Segment Open

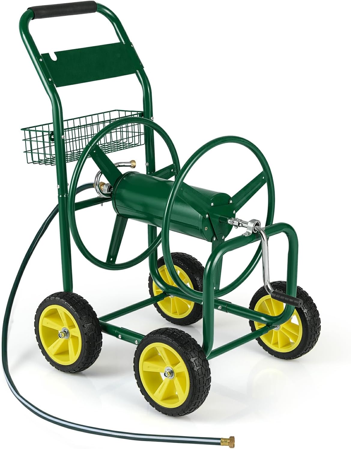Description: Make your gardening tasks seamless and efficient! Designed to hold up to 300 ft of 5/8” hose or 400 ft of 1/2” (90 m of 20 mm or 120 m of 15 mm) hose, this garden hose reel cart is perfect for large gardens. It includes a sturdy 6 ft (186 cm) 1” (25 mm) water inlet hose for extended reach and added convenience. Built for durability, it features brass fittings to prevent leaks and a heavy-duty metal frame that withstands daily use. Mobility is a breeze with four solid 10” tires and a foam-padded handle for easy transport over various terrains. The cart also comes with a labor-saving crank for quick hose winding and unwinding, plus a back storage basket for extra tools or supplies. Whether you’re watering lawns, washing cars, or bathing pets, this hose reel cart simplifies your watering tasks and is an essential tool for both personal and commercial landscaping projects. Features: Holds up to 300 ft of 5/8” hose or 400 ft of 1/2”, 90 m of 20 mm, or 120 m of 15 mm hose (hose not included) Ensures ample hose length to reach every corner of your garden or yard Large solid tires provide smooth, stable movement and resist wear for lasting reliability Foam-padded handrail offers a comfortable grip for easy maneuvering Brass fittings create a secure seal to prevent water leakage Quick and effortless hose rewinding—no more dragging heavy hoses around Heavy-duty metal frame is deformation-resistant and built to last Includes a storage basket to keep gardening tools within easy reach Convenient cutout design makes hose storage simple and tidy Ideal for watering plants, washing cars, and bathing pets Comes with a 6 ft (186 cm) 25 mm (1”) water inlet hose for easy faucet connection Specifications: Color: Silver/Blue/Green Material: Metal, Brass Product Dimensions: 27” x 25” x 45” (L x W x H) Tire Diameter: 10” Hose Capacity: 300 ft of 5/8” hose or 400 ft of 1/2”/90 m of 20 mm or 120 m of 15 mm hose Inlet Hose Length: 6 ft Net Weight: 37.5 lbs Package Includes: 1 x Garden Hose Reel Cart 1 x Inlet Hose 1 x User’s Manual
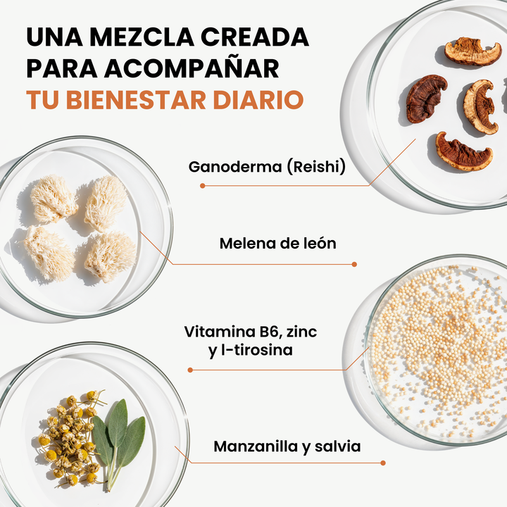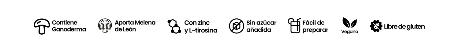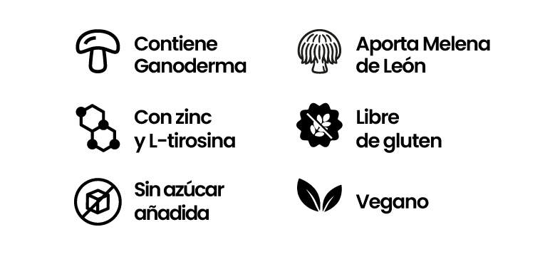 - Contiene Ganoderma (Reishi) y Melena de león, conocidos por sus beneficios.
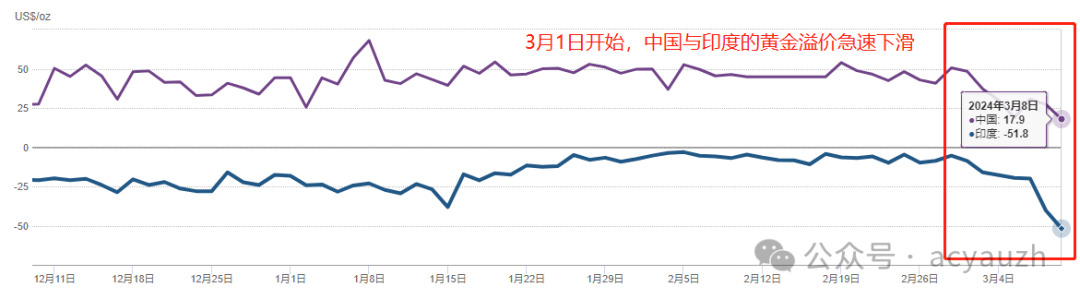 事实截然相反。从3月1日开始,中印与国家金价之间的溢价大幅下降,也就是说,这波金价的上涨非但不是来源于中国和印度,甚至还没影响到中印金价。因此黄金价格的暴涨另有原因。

Segment Closed

**Goal of the exercise**
Reprint the listing above verbatim but drop the images.

**Exercise solution**
Description: Make your gardening tasks seamless and efficient! Designed to hold up to 300 ft of 5/8” hose or 400 ft of 1/2” (90 m of 20 mm or 120 m of 15 mm) hose, this garden hose reel cart is perfect for large gardens. It includes a sturdy 6 ft (186 cm) 1” (25 mm) water inlet hose for extended reach and added convenience. Built for durability, it features brass fittings to prevent leaks and a heavy-duty metal frame that withstands daily use. Mobility is a breeze with four solid 10” tires and a foam-padded handle for easy transport over various terrains. The cart also comes with a labor-saving crank for quick hose winding and unwinding, plus a back storage basket for extra tools or supplies. Whether you’re watering lawns, washing cars, or bathing pets, this hose reel cart simplifies your watering tasks and is an essential tool for both personal and commercial landscaping projects. Features: Holds up to 300 ft of 5/8” hose or 400 ft of 1/2”, 90 m of 20 mm, or 120 m of 15 mm hose (hose not included) Ensures ample hose length to reach every corner of your garden or yard Large solid tires provide smooth, stable movement and resist wear for lasting reliability Foam-padded handrail offers a comfortable grip for easy maneuvering Brass fittings create a secure seal to prevent water leakage Quick and effortless hose rewinding—no more dragging heavy hoses around Heavy-duty metal frame is deformation-resistant and built to last Includes a storage basket to keep gardening tools within easy reach Convenient cutout design makes hose storage simple and tidy Ideal for watering plants, washing cars, and bathing pets Comes with a 6 ft (186 cm) 25 mm (1”) water inlet hose for easy faucet connection Specifications: Color: Silver/Blue/Green Material: Metal, Brass Product Dimensions: 27” x 25” x 45” (L x W x H) Tire Diameter: 10” Hose Capacity: 300 ft of 5/8” hose or 400 ft of 1/2”/90 m of 20 mm or 120 m of 15 mm hose Inlet Hose Length: 6 ft Net Weight: 37.5 lbs Package Includes: 1 x Garden Hose Reel Cart 1 x Inlet Hose 1 x User’s Manual
 - Contiene Ganoderma (Reishi) y Melena de león, conocidos por sus beneficios.
 事实截然相反。从3月1日开始,中印与国家金价之间的溢价大幅下降,也就是说,这波金价的上涨非但不是来源于中国和印度,甚至还没影响到中印金价。因此黄金价格的暴涨另有原因。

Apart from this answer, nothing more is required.